Chung's Sister! Ayako insisted. She pointed at Chung. From now on, I am your sister. You must protect me and I must help you. Chung's Sister, you call me that now, she told everyone. No more Ayako. Ayako's gone. Listen to me, Chung's Sister is here!

She raised her arms like a new Power that had appeared in a manga book.

They were offered more tea. Clark asked for more thin brown cookies as well, the kind that would dissolve on your tongue. He gave Raku his handkerchief to dry her eyes. He gave Chung his napkin to dry his eyes, too. Chung's Sister wasn't crying anymore. She had made the tears go away with her two little fists.

Okay, Clark said. Then we have a deal. I am like Chung's brother. That's already settled, and now Chung’s Sister is Chung's Sister. So Raku, you're in this through Chung’s Sister, Chung and me. We're a knot, all tied together, nobody pulling us apart. I'm getting Chung into the United States, but he'll be back all the time to keep business going here, and I'll pitch for as many Japan tours as I can. Korea, too. Formosa, maybe, who knows? We'll do all kinds of stuff and never let each other go. Okay? Got that?

Chung's Sister loved what she heard. Raku couldn't say no. Chung said nothing because there was nothing to say. Clark was the boss, he was the batman.

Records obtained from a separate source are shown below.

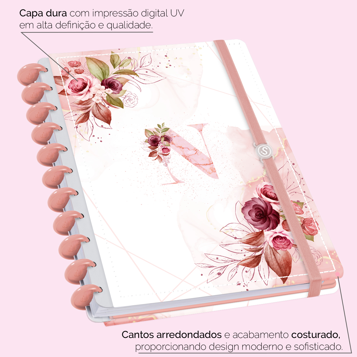 Um caderno totalmente customizável, no qual os elementos são reposicionáveis. Você pode montá-lo como preferir, deixando rolar solta toda sua criatividade.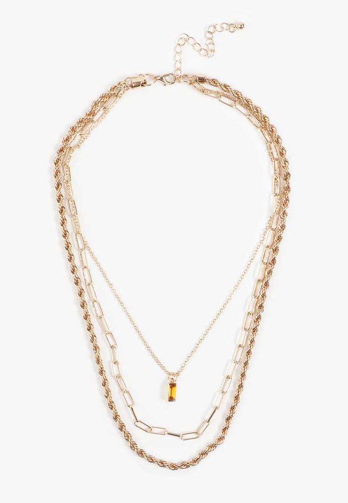 - featuring: thin cable chain with a small rectangular brown gemstone pendant, elongated paperclip-style link chain, twisted rope chain
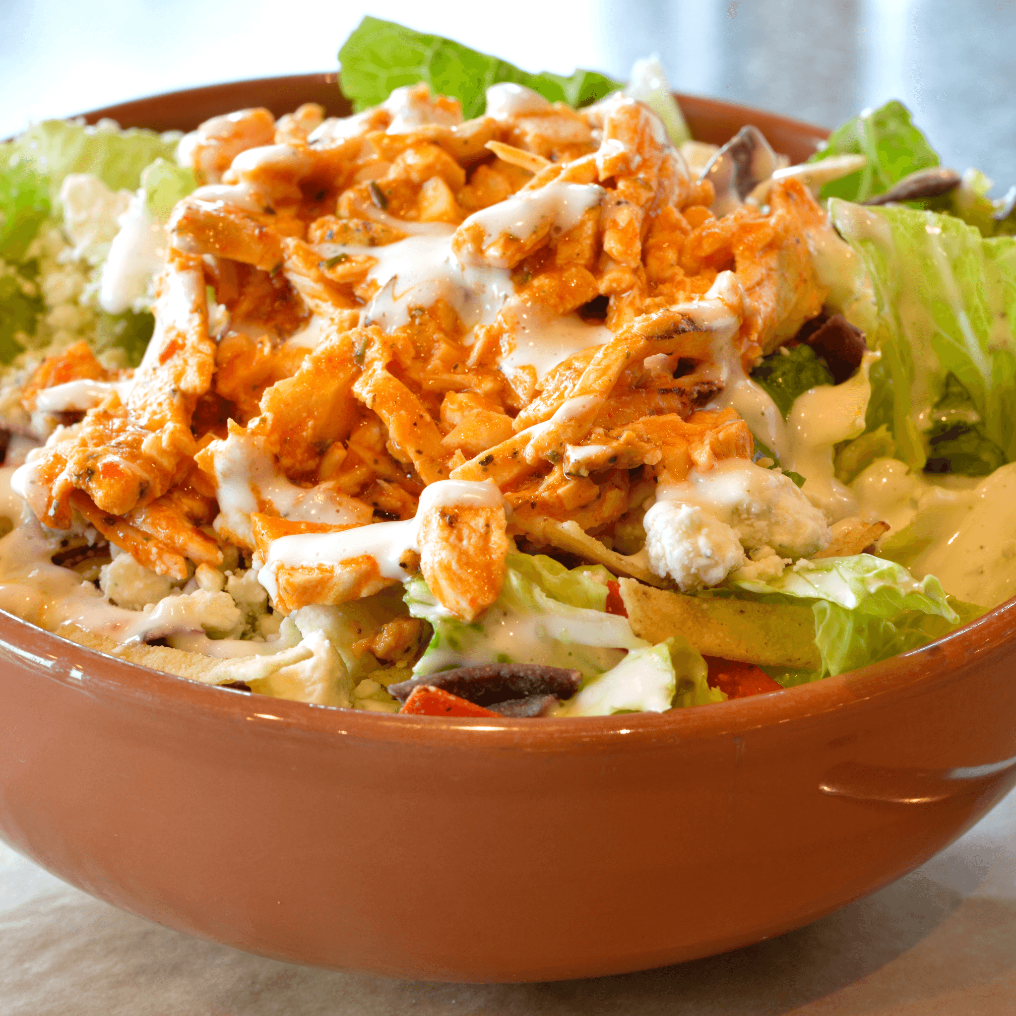 All-natural and antibiotic-free chicken tossed in buffalo sauce with bleu cheese and crispy tortilla strips paired with our homemade buttermilk ranch.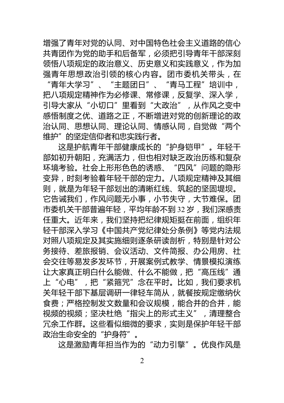 團(tuán)市委書記在全市年輕干部代表深入貫徹作風(fēng)建設(shè)專題座談會上的發(fā)言尊敬的某某書記,各位領(lǐng)導(dǎo),同志們:非常榮幸能代表共青團(tuán)某某市委,在這個凝聚共識、激發(fā)干勁的重要座談會上發(fā)言。昨天聆聽了某某書記立意高遠(yuǎn)、語重心長的重要講話,深受教育,倍受鼓舞。某某書記的講話,既是對中央八項規(guī)定精神精髓要義的深刻闡釋,也是對全市年輕干部錘煉作風(fēng)、擔(dān)當(dāng)作為的殷切期望和政治囑托,為我們共青團(tuán)組織引領(lǐng)廣大青年干部扣好廉潔從政“第一粒扣子”、投身某某高質(zhì)量發(fā)展指明了方向注入了強(qiáng)大動力。下面,我結(jié)合共青團(tuán)工作實(shí)際和團(tuán)市委機(jī)關(guān)年輕干部學(xué)習(xí)教育的實(shí)踐,談幾點(diǎn)認(rèn)識...

Peace settled upon them. No one had ever been able to fix life before, but now life was fixed. The thin brown cookies were served. The tea room grew quieter, sheltered from the bustling street, all the people out there pushing past the big window, hurrying to get where they wanted to go, not at that very moment where they wanted to be like the two men and the woman and little girl at the table.

I was a diplomat for twenty-five years and became involved in foreign policy issues almost everywhere at one time or another. Obviously I love pondering cross-cultural dynamics, language barriers and doorways, and the weight of history on individual lives. ‘How Chung’s Sister Got Her Name’ was sparked by a trip to Japan and an encounter with a woman who must have been quite fierce even as a little girl. After World War II Japan was devastated. Only people like Chung’s Sister could have rebuilt it. The little girl of my imaginings simply enthralled me, and I had to help her get her way.